=== Section Start ===

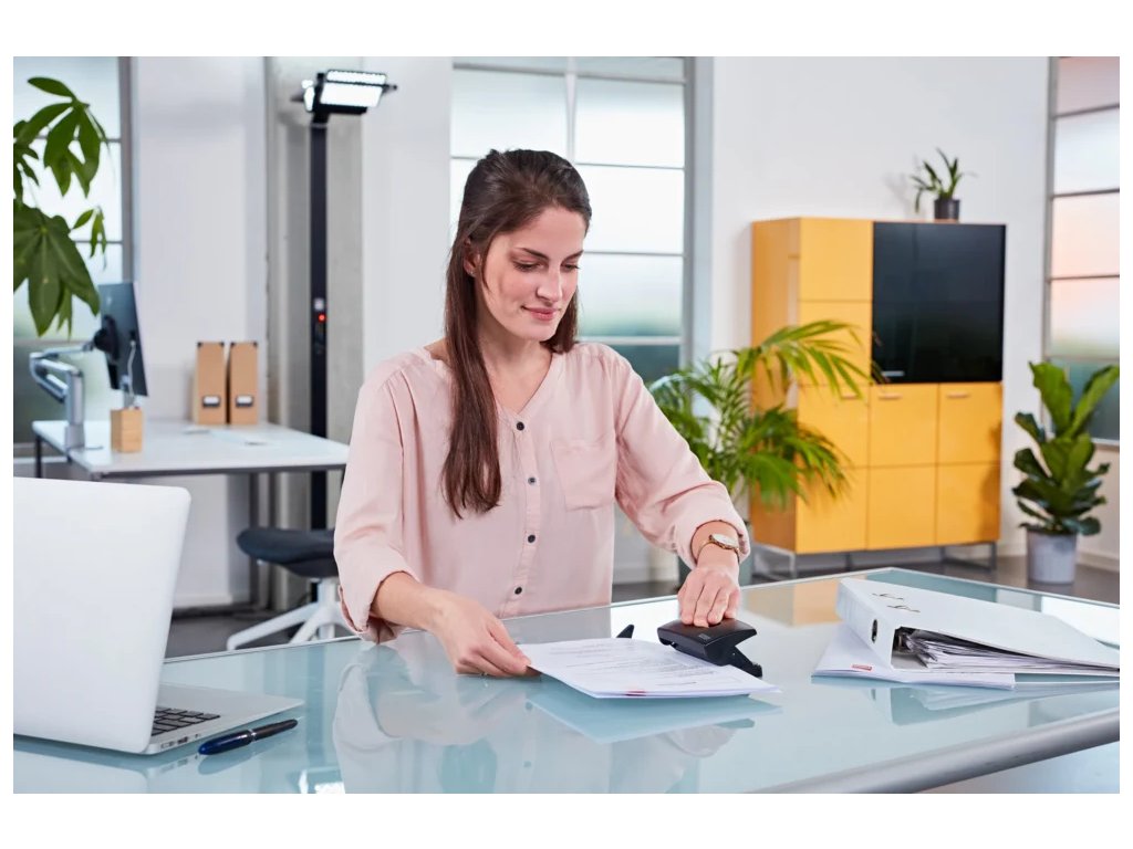 Celokovová kancelárska dierovačka s posuvným pravítkom a plastovým poťahom v dizajne zošívačky Novus C2. Rozpätie dier 8 cm. Hmotnosť 190 g. Záruka 5 rokov.Farba: čierna
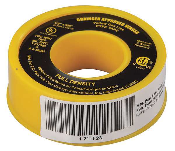 Sealant Tape, 1/2 x 520 InSKU G1818358Categories Adhesives, Epoxy & SealantsDescription Thread Sealant Tape, Specific Sealing Application For Gas, Overall Width 1/2 in, Overall Length 43 ft, Minimum Operating Temperature -400 Degrees F, Maximum Operating Temperature 550 Degrees F, Maximum Operating Pressure for Liquids 10,000 psi, Maximum Operating Pressure for Gases 2,000 psi, Maximum Linear Density 1.5 g/cc, Minimum Linear Density 1.2 g/cc, Color Yellow, Tape Type Pipe Thread Sealant Tape, For Maximum Thread Diameter 3/4 in, For Material Type Brass, Steel, For Fluid Type Gases$5.35 / eachWeb price -
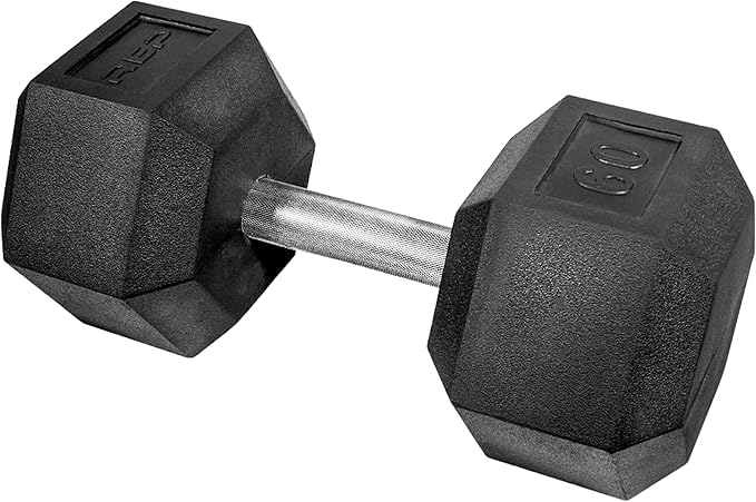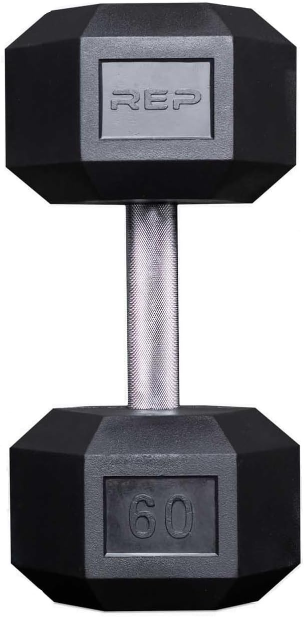 Rep Fitness Rubber Hex Dumbbell(s) - Singles (55LB +) and Pairs (5LB - 50LB) - Low Odor, Fully Knurled Handle
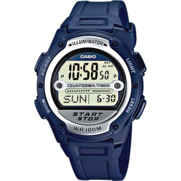 Кварцевые мужские часы. Оснащены: секундомером, отображением времени в двух часовых поясах, таймером, календарем, будильником, подсветкой. Корпус - Пластиковый; Стекло - Пластик; Водозащита - 100 м. (WR 100); Материал ремешка - Пластиковый; Цвет ремешка - Синий; Цвет циферблата - Lcd.
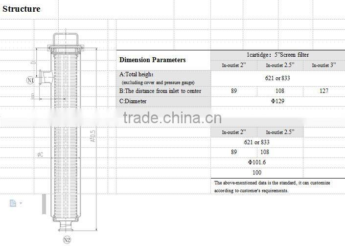 • Filter housing adopts quick connection, easy to handle, economical and practical.
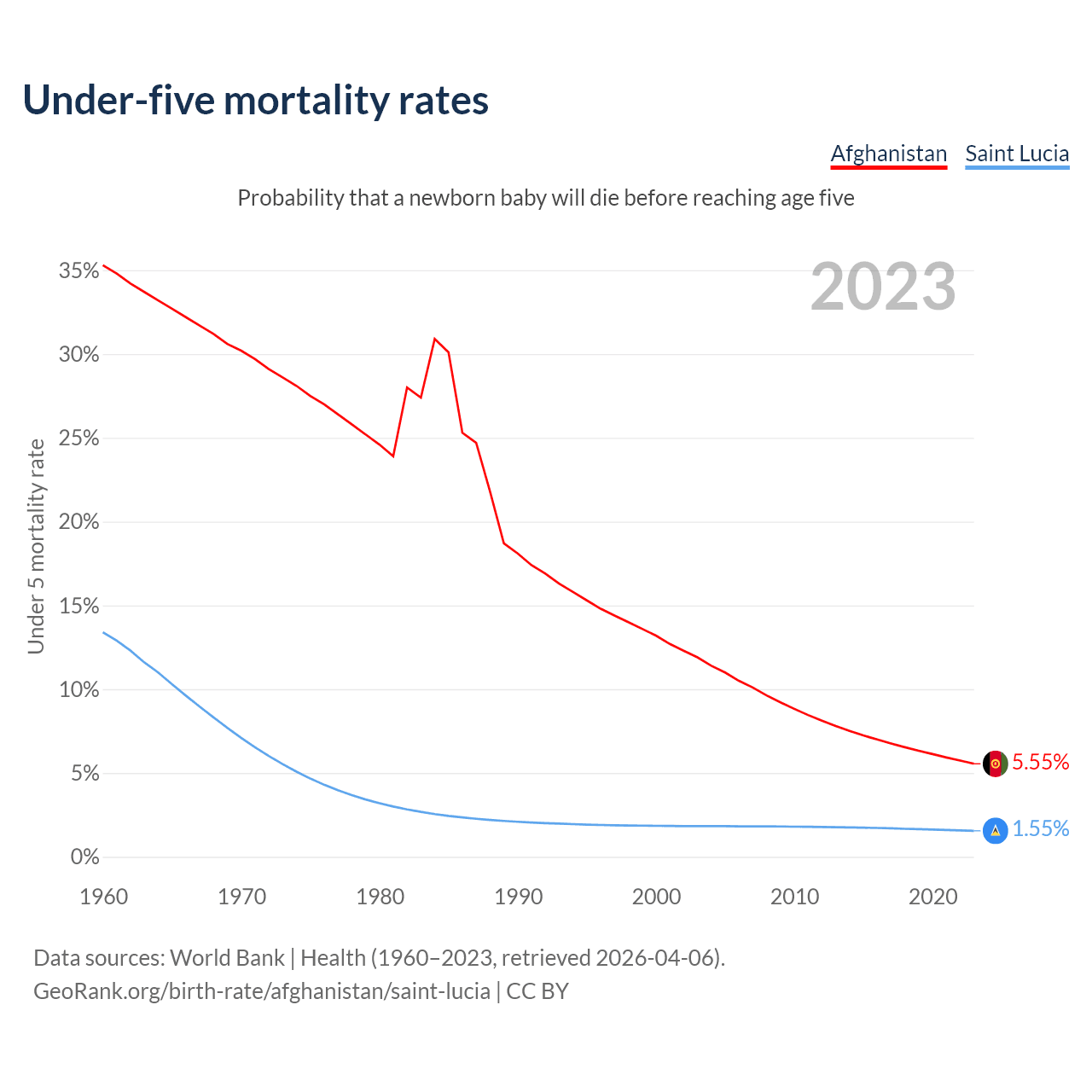 The chance that a newborn baby will die before reaching age five is 5.55% in Afghanistan and 1.55% in Saint Lucia. Above is a chart with historical data on under-five mortality rates.
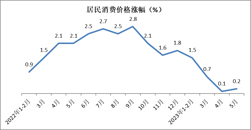 5月份,全国居民消费价格同比上涨0.2%,涨幅较4月份提升0.1个百分点。其中,食品类价格同比上涨1%,非食品类价格与同期持平,消费品类价格同比回落0.3%,服务类价格同比上涨0.9%。1-5月份,全国居民消费价格同比上涨0.8%,涨幅较1-4月份回落0.2个百分点。
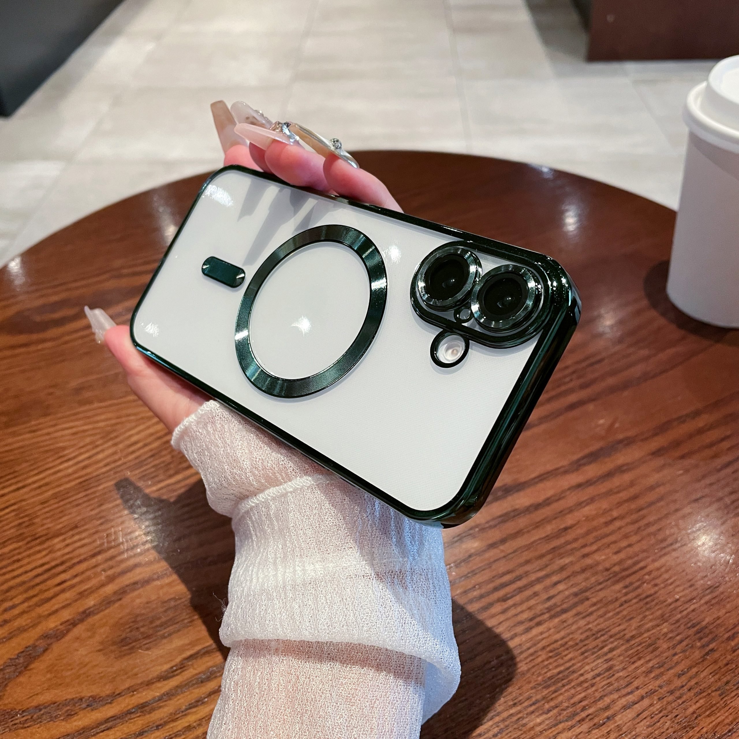 Husa pentru iPhone 16, Luxe Armor, Magsafe, Protectie camera, Silicon, Transparent, Verde Engros

=== Section End ===

> WORK ITEM: Extract, word for word, every line from the one containing "Rep Fitness Rubber" to the end of the data above, both ends included, and leave out the pictures.

> YOUR SOLUTION:
 Rep Fitness Rubber Hex Dumbbell(s) - Singles (55LB +) and Pairs (5LB - 50LB) - Low Odor, Fully Knurled Handle
 Кварцевые мужские часы. Оснащены: секундомером, отображением времени в двух часовых поясах, таймером, календарем, будильником, подсветкой. Корпус - Пластиковый; Стекло - Пластик; Водозащита - 100 м. (WR 100); Материал ремешка - Пластиковый; Цвет ремешка - Синий; Цвет циферблата - Lcd.
 • Filter housing adopts quick connection, easy to handle, economical and practical.
 The chance that a newborn baby will die before reaching age five is 5.55% in Afghanistan and 1.55% in Saint Lucia. Above is a chart with historical data on under-five mortality rates.
 5月份,全国居民消费价格同比上涨0.2%,涨幅较4月份提升0.1个百分点。其中,食品类价格同比上涨1%,非食品类价格与同期持平,消费品类价格同比回落0.3%,服务类价格同比上涨0.9%。1-5月份,全国居民消费价格同比上涨0.8%,涨幅较1-4月份回落0.2个百分点。
 Husa pentru iPhone 16, Luxe Armor, Magsafe, Protectie camera, Silicon, Transparent, Verde Engros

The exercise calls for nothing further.